Михо неловко переминался с ноги на ногу, не зная, как продолжить разговор, и очень обрадовался, когда Марийка сказала:

— Пойдемте. Здесь жарко.

Она направилась к двери, у которой стояли друзья Михо. Ему было приятно пройти мимо них с Марийкой, но его пугало, как бы кто-нибудь из приятелей не болтнул озорное.

И действительно, Григорий, глядя наглыми глазами на Марийку, собирался, видно, отпустить какую-то шутку, но Ромка толкнул его, а сам громко, словно стараясь заглушить то, что может вырваться у Григория, спросил у проходившего Михо:

— Ты далеко идешь, Михась?

— Скоро приду, — бросил на ходу Михо.

— Это ваши друзья? — спросила Марийка.

— Да, из нашего табора, — смущенно ответил Михо. И точно стараясь поднять авторитет друзей в глазах Марийки, заметил: — Ничего ребята.

— Мне хочется пить, — сказала Марийка. — Может быть, зайдем в буфет, ситро выпьем?

Михо нащупал в кармане трехрублевую бумажку. «А вдруг не хватит? — подумал он испуганно. — Может, она еще чего попросит?»

У стойки буфета столпилась очередь.

— Там ничего не возьмешь, — махнул рукой Михо, обрадовавшись возможности уйти из буфета.

Но Марийка неожиданно предложила:

— Вы сядьте за этот столик.
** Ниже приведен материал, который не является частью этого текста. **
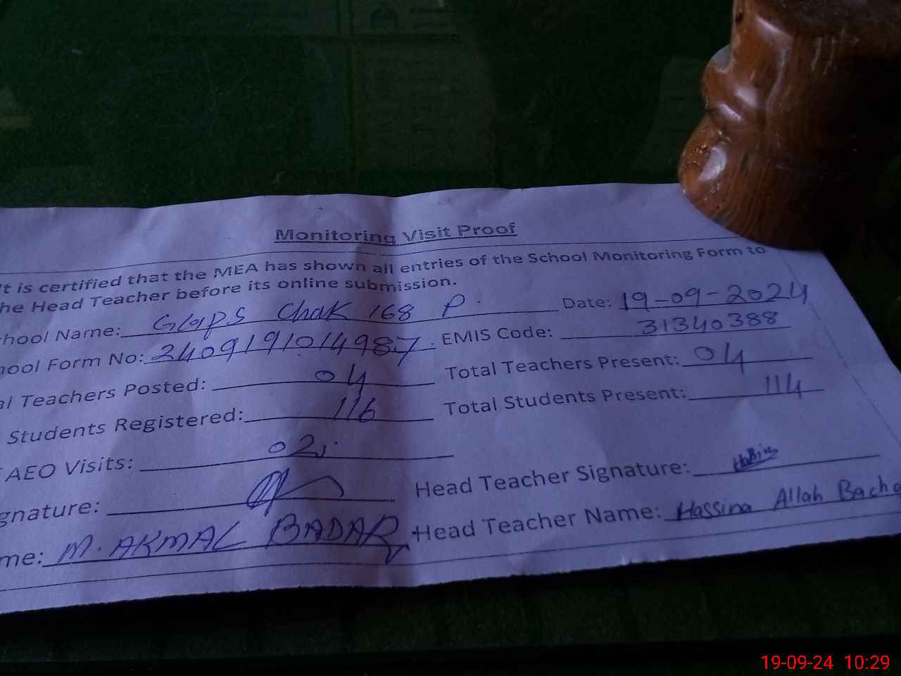 | EMIS Code: 31340388 | Name of School: GGPS CHAK 168/P | |||

Если кто подойдет, скажите — занято. А я попробую взять ситро. Меня ребята пропустят без очереди.

— Ладно, — пробурчал Михо и, вынув из кармана трехрублевку, протянул ее Марийке. — Вот… на ситро.

Она удивленно взглянула на Михо, покраснела и мягко отстранила его руку с деньгами.

— Не надо… У меня есть.

Михо растерянно повертел трехрублевку. Он выклянчил ее сегодня на базаре у одной женщины, которой пытался сбыть кастрюлю. Она не хотела брать кастрюлю, не поддавалась ни на какие уговоры.

— Да отстань ты от меня, — воскликнула она в сердцах. — На что мне эта дрянь?

— Купи, — канючил Михо.

— Не хочу. Не нужно мне.

Женщина была немолодая, но красивая, в хорошем пальто, с толстой желтой сумкой на плетеном ремешке. «Полно денег, наверно», — подумал Михо о сумке.

— Пять рублей, за пять рублей отдам… Возьми.

Женщина, до этого все время словно изучавшая кастрюлю, подняла голову и пристально посмотрела на Михо.

— А ты красивый!

Михо осклабился, но вспомнил Марийку и замкнулся.

— Зачем ты попрошайничаешь?

— Тятя, мамка голодные, — бормотал Михо заученное с детства. — Ну подай что-нибудь.

— Такой большой, а папу и маму вспоминает.

— Купи! — настаивал Михо, протягивая кастрюлю.

— Не нужна мне твоя кастрюля.

Женщина раскрыла сумочку и, достав оттуда три рубля, протянула их Михо.

— На, возьми, голубчик… И кастрюлю оставь себе.

…Михо вертел в руках трешку, и ему казалось, что она жжет ему руку. Этого не было, когда женщина на базаре дала ему деньги. То было привычное: просить, клянчить. Дадут — хорошо, не дадут — черт с ними… Здесь было другое.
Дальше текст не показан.